Name unknown, crushed to death by a forklift at an Amazon warehouse in Fernley, Nevada on November 4th, 2014.
Thomas Becker, 57, was a worker at an Amazon warehouse in Joliet, Illinois. Becker suffered a cardiac arrest at work. He died on Jan. 23, 2017.
Devan Michael Shoemaker, 28, was a worker at an Amazon warehouse in Carlisle, Pennsylvania (where Rhoads was also killed). Shoemaker was run over by a truck. He was killed on Sept. 19, 2017.

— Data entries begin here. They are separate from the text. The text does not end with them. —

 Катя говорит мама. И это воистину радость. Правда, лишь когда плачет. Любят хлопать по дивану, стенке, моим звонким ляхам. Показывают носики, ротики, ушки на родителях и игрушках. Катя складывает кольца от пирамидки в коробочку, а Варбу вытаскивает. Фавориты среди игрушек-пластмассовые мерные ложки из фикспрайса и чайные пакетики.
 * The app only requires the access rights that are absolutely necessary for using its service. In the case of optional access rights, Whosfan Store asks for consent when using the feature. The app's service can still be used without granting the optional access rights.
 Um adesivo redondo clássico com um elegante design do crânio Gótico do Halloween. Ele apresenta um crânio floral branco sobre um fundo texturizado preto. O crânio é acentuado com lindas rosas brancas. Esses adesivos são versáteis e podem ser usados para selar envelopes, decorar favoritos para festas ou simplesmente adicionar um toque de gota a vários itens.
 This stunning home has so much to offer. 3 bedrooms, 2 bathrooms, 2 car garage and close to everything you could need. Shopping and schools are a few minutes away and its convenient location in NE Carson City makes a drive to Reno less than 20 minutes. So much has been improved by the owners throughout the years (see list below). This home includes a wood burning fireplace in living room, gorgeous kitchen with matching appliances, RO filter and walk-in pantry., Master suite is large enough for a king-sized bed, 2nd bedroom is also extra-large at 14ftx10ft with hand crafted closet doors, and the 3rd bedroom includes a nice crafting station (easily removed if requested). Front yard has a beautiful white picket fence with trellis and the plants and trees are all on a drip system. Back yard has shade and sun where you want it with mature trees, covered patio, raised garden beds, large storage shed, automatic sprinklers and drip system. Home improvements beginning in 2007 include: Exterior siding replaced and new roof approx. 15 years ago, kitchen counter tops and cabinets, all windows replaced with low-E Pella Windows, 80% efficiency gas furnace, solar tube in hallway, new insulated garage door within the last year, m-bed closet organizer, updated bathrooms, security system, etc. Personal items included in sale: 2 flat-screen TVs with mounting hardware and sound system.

Phillip Terry, 59, was a worker at an Amazon warehouse in Plainfield, Indiana. Terry’s head was crushed by a forklift. He was killed on September 23, 2017
Karla Kay Arnold, 50, was a worker at an an Amazon warehouse in Monee, Illinois. Arnold sustained multiple injuries after she was hit by an SUV in the parking lot. She died on October 23, 2017.

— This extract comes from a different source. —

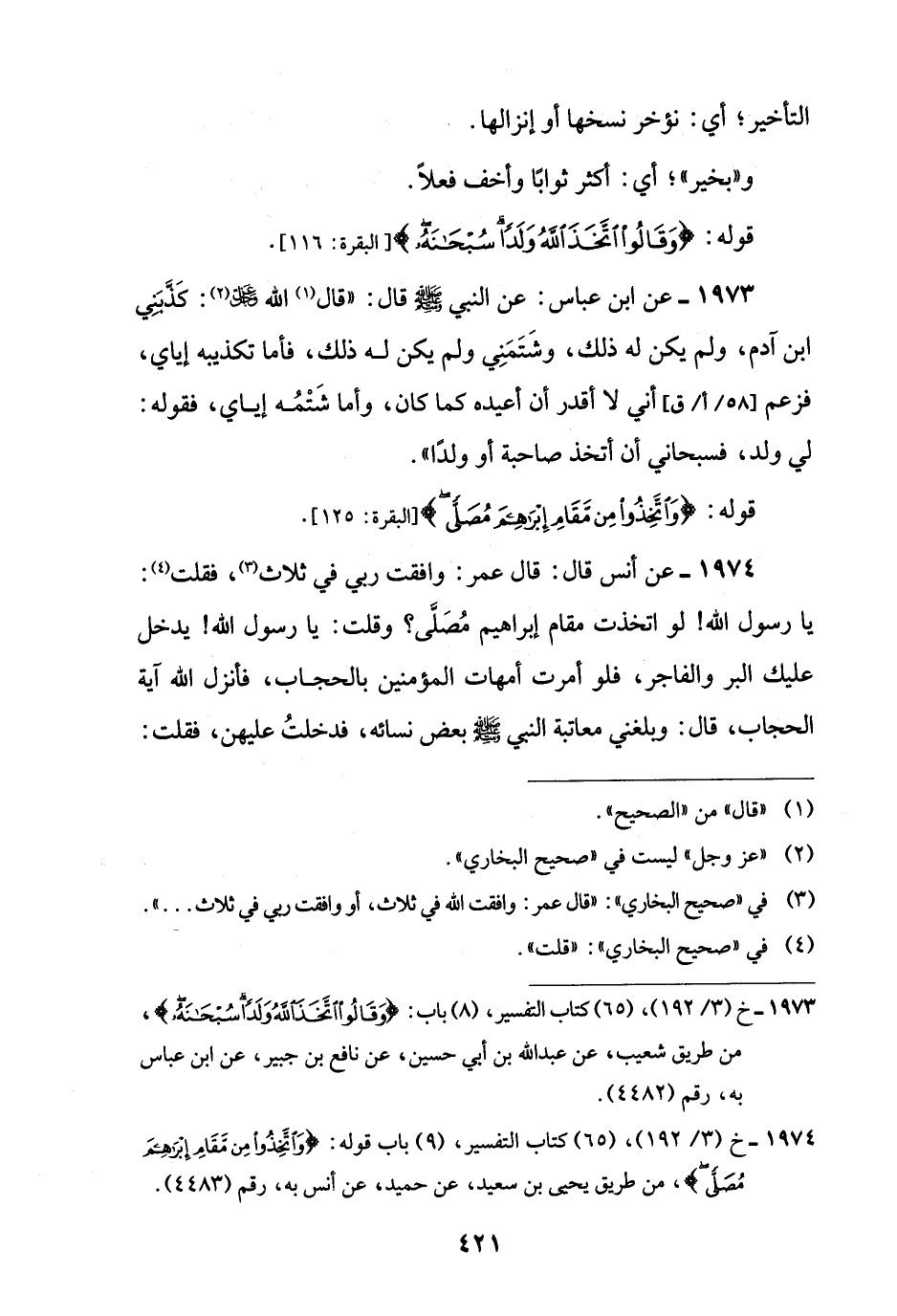 1973 - خ (3/ 192)، (65) كتاب التفسير، (8) باب: {وَقَالُوا اتَّخَذَ اللَّهُ وَلَدًا سُبْحَانَهُ}، من طريق شعيب، عن عبد اللَّه بن أبي حسين، عن نافع بن جبير، عن ابن عباس به، رقم (4482).

Andrew Lindsay and Israel Espana Argote were contract workers at an Amazon warehouse in Baltimore, Maryland. They were crushed by a wall collapse during a severe storm. They died on November 3, 2018.
Brien James Daunt, 42, was a construction worker building an Amazon warehouse in Oildale, California. Daunt fell from a dangerous height. He died on January 12, 2019.
Ricky Blakely, Conrad Jules Aska and Sean Archuleta were contract pilots. Their Air Atlas plane, carrying cargo for Amazon, crashed into Trinity Bay, near Texas. They died on February 23, 2019.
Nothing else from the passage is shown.